[論文レビュー] Understanding Biology in the Age of Artificial Intelligence
The paper analyzes how machine learning reshapes biological understanding through an epistemological lens, proposing principles to guide ML design and application in biology, with focus on protein structure prediction and single-cell RNA sequencing.
Modern life sciences research is increasingly relying on artificial intelligence approaches to model biological systems, primarily centered around the use of machine learning (ML) models. Although ML is undeniably useful for identifying patterns in large, complex data sets, its widespread application in biological sciences represents a significant deviation from traditional methods of scientific inquiry. As such, the interplay between these models and scientific understanding in biology is a topic with important implications for the future of scientific research, yet it is a subject that has received little attention. Here, we draw from an epistemological toolkit to contextualize recent applications of ML in biological sciences under modern philosophical theories of understanding, identifying general principles that can guide the design and application of ML systems to model biological phenomena and advance scientific knowledge. We propose that conceptions of scientific understanding as information compression, qualitative intelligibility, and dependency relation modelling provide a useful framework for interpreting ML-mediated understanding of biological systems. Through a detailed analysis of two key application areas of ML in modern biological research - protein structure prediction and single cell RNA-sequencing - we explore how these features have thus far enabled ML systems to advance scientific understanding of their target phenomena, how they may guide the development of future ML models, and the key obstacles that remain in preventing ML from achieving its potential as a tool for biological discovery. Consideration of the epistemological features of ML applications in biology will improve the prospects of these methods to solve important problems and advance scientific understanding of living systems.
研究の動機と目的
- Motivate a philosophical and epistemological examination of ML in modern biology.
- Propose a framework for understanding ML-mediated biological insights using information compression, qualitative intelligibility, and dependency modelling.
- Analyze how ML applications in protein structure prediction and single-cell RNA sequencing affect scientific understanding.
- Identify obstacles that prevent ML from fully achieving biological discovery.
- Suggest design principles to improve future ML models in biology.
提案手法
- Survey existing ML applications in biology through an epistemological toolkit.
- Apply modern theories of scientific understanding to interpret ML-driven insights.
- Develop a framework based on information compression, intelligibility, and dependency modelling to assess ML outputs.
実験結果
リサーチクエスチョン
- RQ1How can concepts of information compression, qualitative intelligibility, and dependency relations illuminate ML-mediated biological understanding?
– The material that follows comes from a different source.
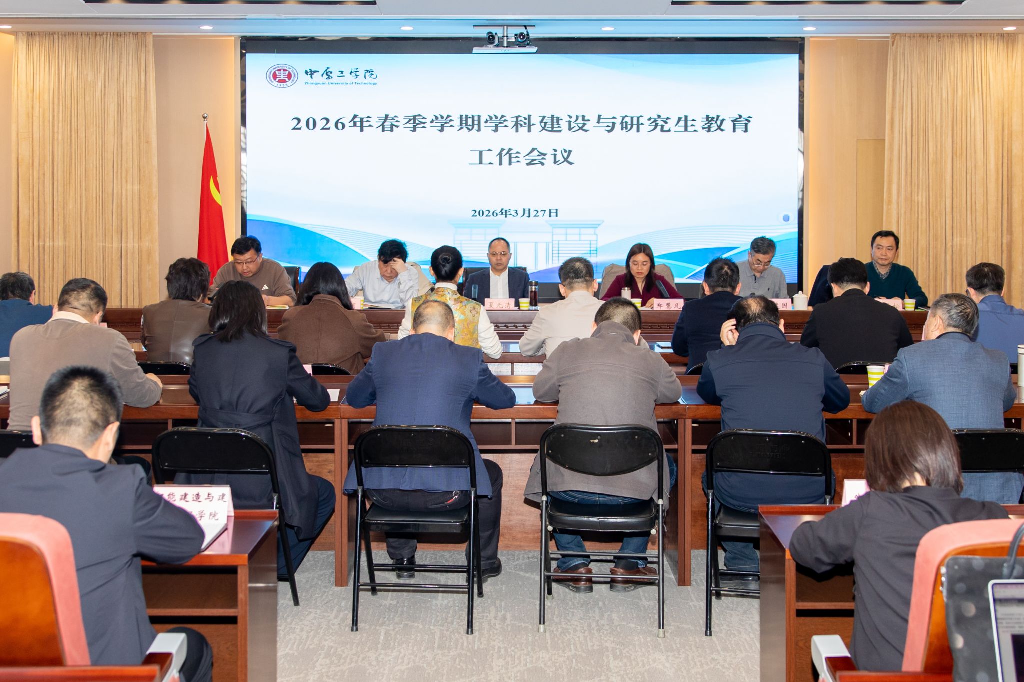 3月27日,我校在龙湖校区召开2026年春季学期学科建设与研究生教育工作会议。党委副书记、校长夏元清,副校长郑慧凡,学术副校长斯雪明、马建国出席会议,二级学院(研究院)院长、分管学科建设与研究生教育副院长、研究生秘书、研究生处全体工作人员参加会议,会议由郑慧凡主持。

- RQ2In what ways do current ML applications in biology (e.g., protein structure prediction, single-cell RNA sequencing) advance or limit scientific understanding?
- RQ3What design considerations should guide future ML models to enhance biological discovery?
主な発見
- ML applications in biology can be interpreted through information compression, qualitative intelligibility, and dependency modelling to understand their scientific value.
- Protein structure prediction and single-cell RNA sequencing serve as focal cases to examine how ML advances understanding.
- There are remaining obstacles that prevent ML from fully achieving its potential as a tool for biological discovery.
- The epistemological features of ML applications can guide future model development and improve problem-solving in biology.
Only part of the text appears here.